Farrow's investigation is exhaustive, spanning two years and several continents. He travels to Tel Aviv, taking his cameras into the NSO Group headquarters, where he voices his sensible moral concerns to various spokespeople, who give him carefully-prepared responses about "all the good work" that they do. He gets more useful information from that former employee, who left the company (along with many others) after the 2018 murder of Saudi dissident journalist Jamal Khashoggi—an ambush made possible by Pegasus software. In a phone call captured by the documentary crew, Farrow's contact at NSO asks him to share which of their former employees he spoke with. (He, of course, protects his source.)
At least 45 countries use Pegasus, we're told, and it's not just autocrats and dictators; Western democracies are using spyware too, most of them under a veil of secrecy. "We live in a time where there's obvious, well-documented democratic backsliding," explains Ron Deibert of the Citizen Lab in Toronto, which is doing much of the investigation and exposure of this technology. "Authoritarian practices are spreading worldwide. I firmly believe the surveillance industry, unchecked as it is, is one of the major contributing factors to those trends."

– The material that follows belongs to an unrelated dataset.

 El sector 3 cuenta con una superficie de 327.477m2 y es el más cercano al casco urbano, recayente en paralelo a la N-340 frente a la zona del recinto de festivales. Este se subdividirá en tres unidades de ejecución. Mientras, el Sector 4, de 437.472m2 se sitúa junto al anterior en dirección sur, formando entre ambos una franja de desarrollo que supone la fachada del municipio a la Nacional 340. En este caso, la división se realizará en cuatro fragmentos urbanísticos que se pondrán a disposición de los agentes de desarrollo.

And this is the structural masterstroke of "Surveilled," because Farrow and directors O'Neill and Peltz understand that it's one thing for us to shake our heads at the targeting of journalists and activists in the UAE or even in Spain, but when the threat becomes a direct one to the viewer, as it does in the last 20 minutes or so, we sit upright. It's not just that employees of the United States government working abroad have been hacked by Pegasus; the NSO group pitched law enforcement agencies on a Pegasus-like software before the company was placed on an export blacklist in 2021, and many such agencies were unsurprisingly receptive to the idea. In March of 2023, the Biden administration issued an executive order prohibiting government agencies from purchasing foreign spyware, "but it's not a blanket ban on the purchase of all spyware," Farrow explains, noting that mere days later, we joined several other countries in a joint statement vowing to explore the use of this technology — but responsibly.
Farrow talks to U.S. Congressman Jim Himes, who insists that they must "do the hard work of assuring that law enforcement uses it consistent with our civil liberties." Who on earth trusts them to do that? Nathaniel Fick, the State Department'sambassador-at-large for its cybersecurity division, tells Farrow that "the United States uses every tool of national power in pursuit of interests, grounded in our values," and if that sounds like buzzword salad to you, you're not alone.

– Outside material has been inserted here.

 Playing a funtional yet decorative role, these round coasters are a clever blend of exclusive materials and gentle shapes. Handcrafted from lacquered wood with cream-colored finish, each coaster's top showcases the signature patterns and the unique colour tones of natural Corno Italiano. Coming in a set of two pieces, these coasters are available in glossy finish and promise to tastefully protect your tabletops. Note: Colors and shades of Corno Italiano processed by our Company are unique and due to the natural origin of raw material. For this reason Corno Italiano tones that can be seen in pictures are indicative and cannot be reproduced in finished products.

Farrow is an ideal centerpiece presence for "Surveilled," because he's both a good reporter and a crisp communicator. He uses purposefully scary language, not just to scare us (though he does), but for maximum clarity. This is a complicated story, clouded by technical jargon and talking points about bad criminals and terrorist activity, and a phrase like "the most advanced spyware can turn your phone into a spy in your pocket" cuts right through it. O'Neill and Peltz also make some documentary hay out of the practical details of an investigation like this; he's not allowed to film his interview with NSO's CEO, for example, so they film him debriefing his New Yorker editor about that interview.
Farrow is perhaps a bit too front-and-center—it feels, in spots, like he's the focus nearly as much as the story itself—but hey, if you have one of the last remaining celebrity journalists, it probably makes sense to use him as such. His heavy presence and the brisk running time (just an hour) make "Surveilled" feel less like a documentary than a "Frontline" episode, albeit a well-made and deeply frightening one, whose conclusions are inescapably grim. "We can't put the technology genie back in the bottle," Ambassador Fick tells Farrow. "Once they're out in the world, any nefarious use that we can imagine, we're probably going to see." In his final voice-over, Farrow shrugs, "The only path to privacy might be living without our phones," a deduction I could only receive with a grim snort; in order to watch the advance screener of the report he was concluding, I had to install a verification app on my phone.